我有一张表,其中包含医院咒语中每个病房的记录(注意:一个咒语可以包括转移到其他医院)。 Spellno是一个咒语的唯一标识符。我想将一个咒语中的连续病房住院汇总到医院水平。我的问题是,如果患者从医院1到医院2并返回医院1 GROUP BY
' Spellno'和'医院'会结合我住院的两次住院,这是我不想做的。
e.g。如果这是我的数据:
Spellno Hospital WardCode WardStart WardEnd
-------------------------------------------------------------------
123 hosp1 ward1 01/04/2015 03/04/2015
123 hosp1 ward4 03/04/2015 05/04/2015
123 hosp2 ward2 05/04/2015 07/04/2015
123 hosp1 ward3 07/04/2015 10/04/2015
123 hosp1 ward1 10/04/2015 12/04/2015
我想在Spellno和Hospital上聚合得到:
Spellno Hospital WardStart WardEnd
-------------------------------------------------------------------
123 hosp1 01/04/2015 05/04/2015
123 hosp2 05/04/2015 07/04/2015
123 hosp1 07/04/2015 12/04/2015
非常感谢提前。
答案 0 :(得分:4)
您可以在WHERE
子句中使用子查询来过滤掉SELECT
中的重叠日期范围和第二个子查询,以获得范围结束。
SELECT Spellno, Hospital,D.WardStart,
(SELECT Min(E.WardEnd)
FROM #tab E
WHERE E.WardEnd >= D.WardEnd
AND E.Spellno = D.Spellno
AND E.Hospital = D.Hospital
AND NOT EXISTS (SELECT 1
FROM #tab E2
WHERE E.WardStart < E2.WardStart
AND E.WardEnd >= E2.WardStart
AND D.Spellno = E2.Spellno
AND D.Hospital = E2.Hospital)
) AS WardEnd
FROM #tab D
WHERE NOT EXISTS (SELECT 1
FROM #tab D2
WHERE D.WardStart <= D2.WardEnd
AND D.WardEnd > D2.WardEnd
AND D.Spellno = D2.Spellno
AND D.Hospital = D2.Hospital)
警告:的
此查询性能可能不是最佳,但它可以完成工作。
的 LiveDemo
强>
输出:
╔═════════╦══════════╦═════════════════════╦═════════════════════╗
║ Spellno ║ Hospital ║ WardStart ║ WardEnd ║
╠═════════╬══════════╬═════════════════════╬═════════════════════╣
║ 123 ║ hosp1 ║ 2015-04-01 00:00:00 ║ 2015-04-05 00:00:00 ║
║ 123 ║ hosp2 ║ 2015-04-05 00:00:00 ║ 2015-04-07 00:00:00 ║
║ 123 ║ hosp1 ║ 2015-04-07 00:00:00 ║ 2015-04-12 00:00:00 ║
╚═════════╩══════════╩═════════════════════╩═════════════════════╝
答案 1 :(得分:1)
我假设(WardStart, WardEnd)
日期范围是严格连续的,没有重叠。
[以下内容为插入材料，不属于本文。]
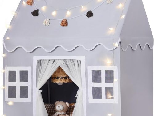 Kids Play Tent Indoor: Mat, Tassel Garland, Star Lights - Gray Girl Tent Playhouse for Toddlers Kids Toys for Boy Girl Birthday Gift
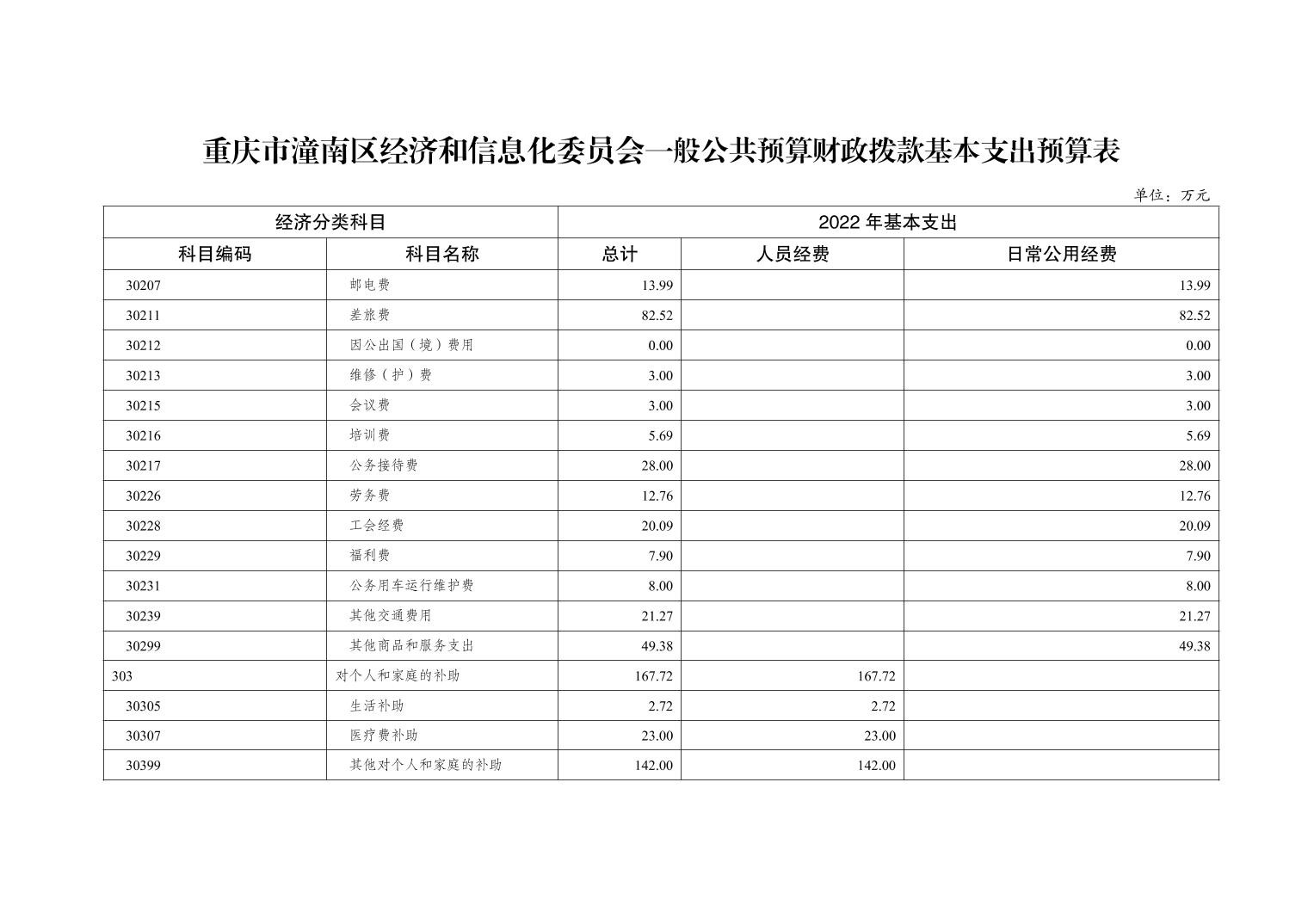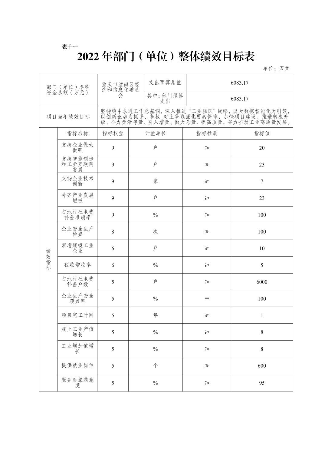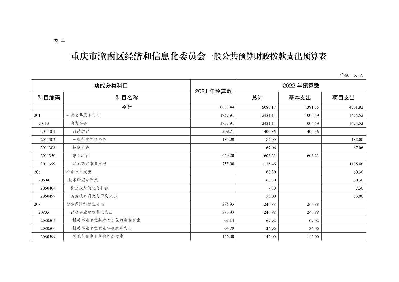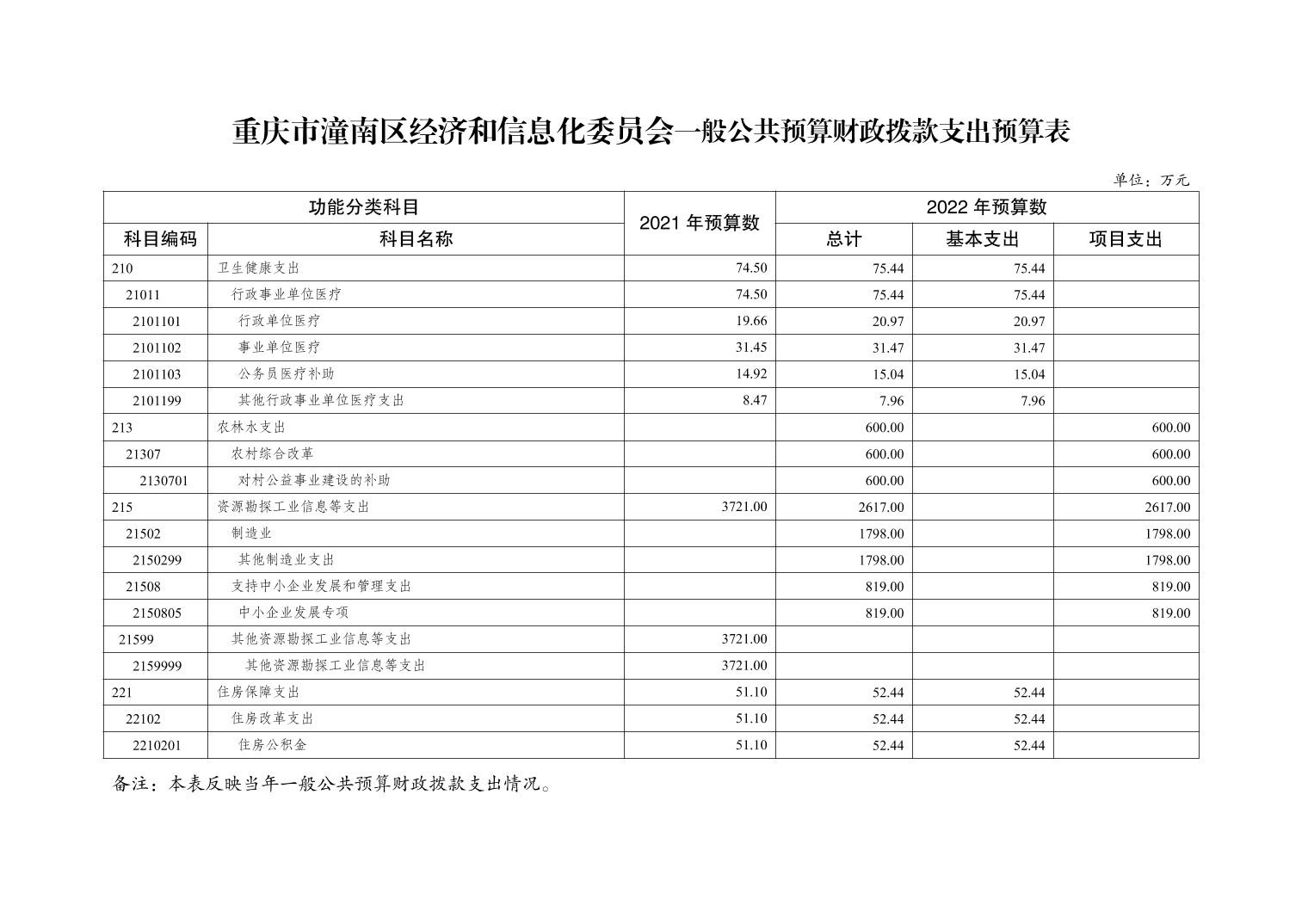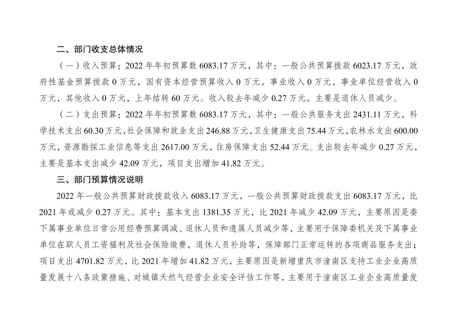 重庆市潼南区经济和信息化委员会2022年部门预算情况说明

为简单起见,我还假设连续范围不超过max recursion default。
这可以使用递归SQL来解决:
WITH
data AS (
SELECT *
FROM (
VALUES (123, 'hosp1', 'ward1', CAST('2015-04-01' AS DATE), CAST('2015-04-03' AS DATE)),
(123, 'hosp1', 'ward4', CAST('2015-04-03' AS DATE), CAST('2015-04-05' AS DATE)),
(123, 'hosp2', 'ward2', CAST('2015-04-05' AS DATE), CAST('2015-04-07' AS DATE)),
(123, 'hosp1', 'ward3', CAST('2015-04-07' AS DATE), CAST('2015-04-10' AS DATE)),
(123, 'hosp1', 'ward1', CAST('2015-04-10' AS DATE), CAST('2015-04-12' AS DATE))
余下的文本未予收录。